Alright, to be honest, I actually used a couple thousand cpu-hours to run using DoubleFloats
, but it looks like 1+2
would have done the same. From my testing, the time taken to call
@everywhere <basically any fast piece of code>
scales linearly with the number of processes (at least the first time it’s called), and the constant in front of that scaling is ~1 second, even for something as simple as
@everywhere 1+2
But that linear wallclock scaling means that the cpu-time spent on this call scales quadratically. Now, that ~1 second may not sound like much, but it can easily get to ~1 hour (wallclock) with a few thousand processes — which is thousands of cpu-hours.
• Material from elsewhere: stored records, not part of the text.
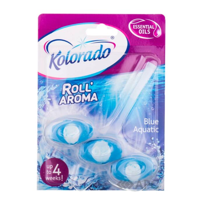 Брусок туалетний Kolorado Roll Aroma Blue Aquatic 51 г — ефективний засіб для довготривалої чистоти унітаза. Підвісний блок у сучасному дизайні легко кріпиться на обідок. Комбінація аніонних та неіонних ПАР гарантує надійний, довготривалий захист від утворення вапнякового нальоту, фосфати розчиняють наявні відкладення, а відбілювальні компоненти надають поверхням ідеальне сяяння та блиск. Легкий морський аромат ефірних олій діє як освіжувач повітря, поширюється по приміщенні та усуває неприємні запахи.
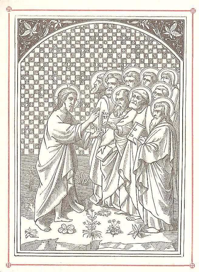 Ink, Paper, Print, Lithograph, Schongauer, Martin, Martin Schongauer, Schongauer, Albrecht Durer, Durer, Albrecht, Durer, Ink, Paper, Print, Lithograph, Prayer Cards, Religious, Religious Subject Matter, Jesus, Key, Heaven, Apostles, Peter
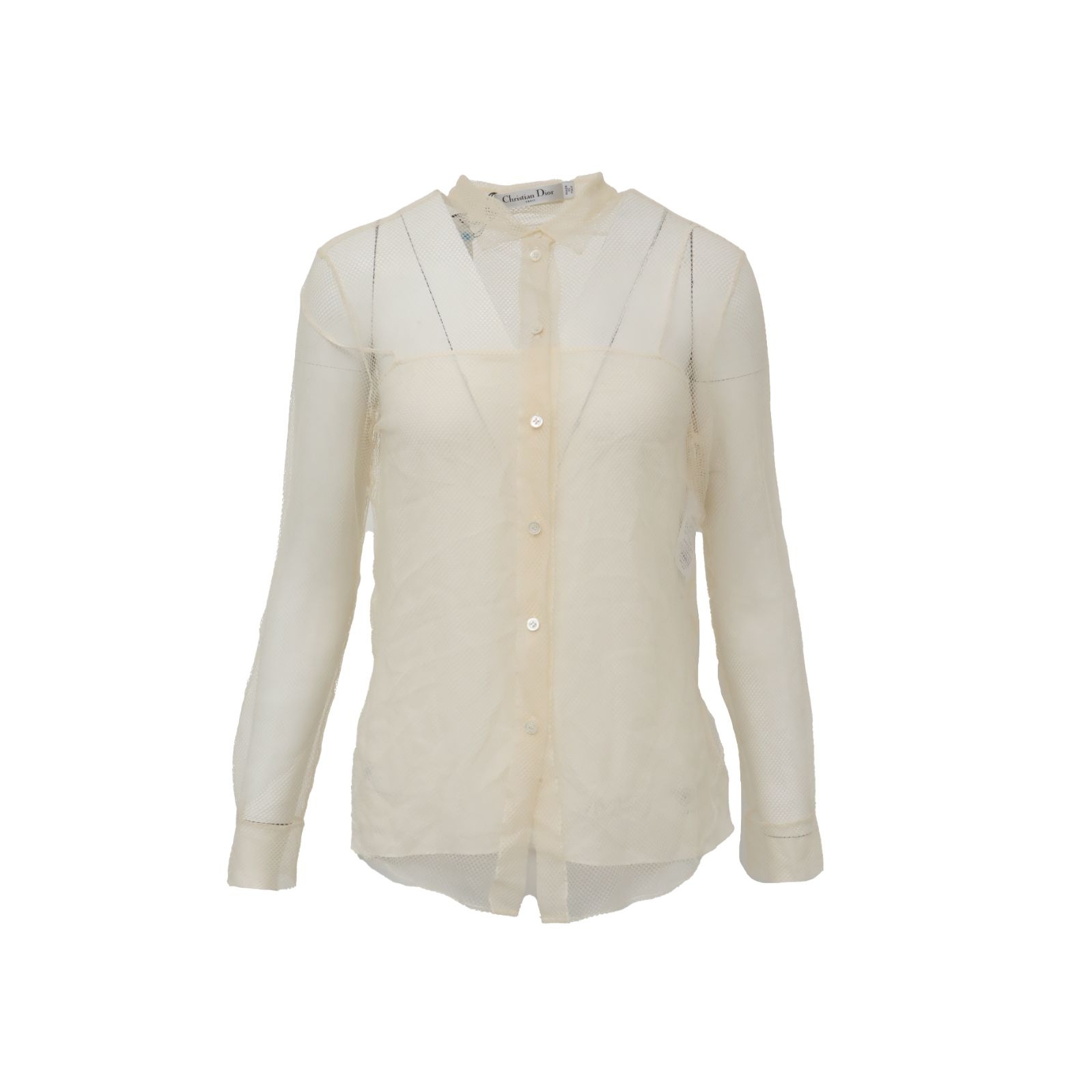 GUCCI U-neck Ruffled Hem Split Top 611468 White 38
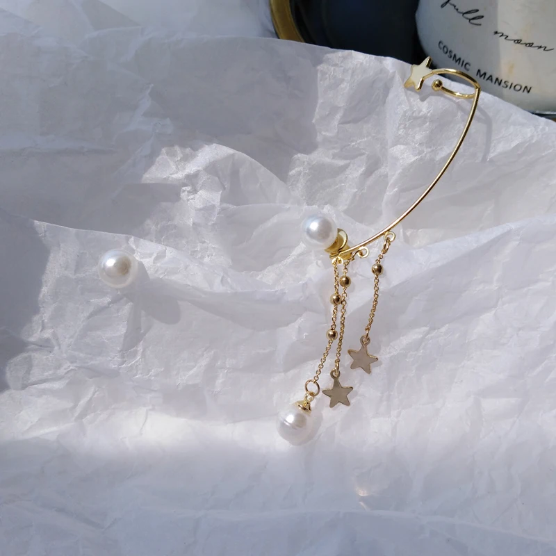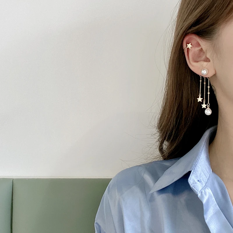 S925 модные серьги с имитацией жемчуга, лидер продаж, серьги из металлического сплава с золотым покрытием, новые ассиметричные серьги со звездой, подарки
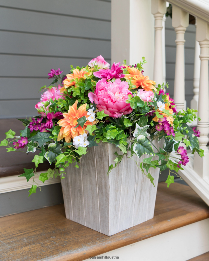 Machen Sie die Saison mit einer Outdoor-sicheren Blumenkollektion für immer anhaltend. Lebhafte Frühlingsblüten in den Farbtönen Rosa, Magenta und Orange verleihen Ihren Räumen eine bezaubernde Atmosphäre.

Obviously I run into this mostly with @everywhere using WhateverPackage
, where the package can be something as simple as Base
. But it doesn’t matter whether DEPOT_PATH points to a local SSD for each worker or some slow home directory.
I didn’t realize this was going to happen, saw that my code worked nicely on a few dozen processes, and threw it onto a few thousand processes (several dozen nodes with 56 cores each, and one process per core), which took about an hour to get past the first @everywhere using DoubleFloats
, thereby wasting a couple thousand cpu-hours on the first occurrence of @everywhere
!!! I can’t really afford to waste this much compute time for each run, so this makes julia unusable for what I need here. (Making up the difference with threading isn’t really in the cards.)
Am I missing something? Can I prime my workers to know how to use @everywhere
or distribute this preparation so that it doesn’t go quadratically? Can I somehow use pmap
and friends without @everywhere using SomePackage
? Or is this just somewhere julia won’t be able to reach?